The redox states of the particular electron donors at each site may not be readily measureable. However, any electron carrier that is close to redox equilibrium with the donor will be a reporter of the donor’s redox state. Such a reporter can be used to construct an empirical calibration curve that describes how the rate of superoxide/H₂O₂ production from a site is related to the reduction state of the reporter. For our analysis, the relationship between the redox states of the reporter and the donor needs to be unique, but its other properties do not matter. However, if the reporter is close to equilibrium with the donor, their redox states will be related by the Nernst equation and can be modelled using exponentials. Even if there are complications (such as significant disequilibrium between donor and reporter or more complex kinetic interactions within a redox site), as long as the reporter has a unique relationship to the superoxide/H₂O₂ production rate in the range of conditions to be investigated, it can still be used.

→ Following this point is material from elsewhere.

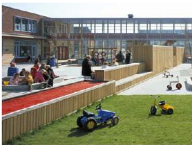
De Bonte Tol Pijnacker Samen met gebruikers

Therefore, if there are unique relationships between the redox states of the reporter and the donor, and between the redox state of the donor and the rate of superoxide/H₂O₂ production, an empirical calibration of H₂O₂ production as a function of the redox state of the reporter can be used to predict the rate of superoxide/H₂O₂ production from any site with a suitable reporter. This is the basis of the method we introduce in the present paper to measure the native rates of superoxide production from different sites in the electron transport chain of isolated mitochondria in the absence of added inhibitors of electron transport. Fig. 2 depicts the principles and assumptions employed in using endogenous reporters of superoxide production rate in this way.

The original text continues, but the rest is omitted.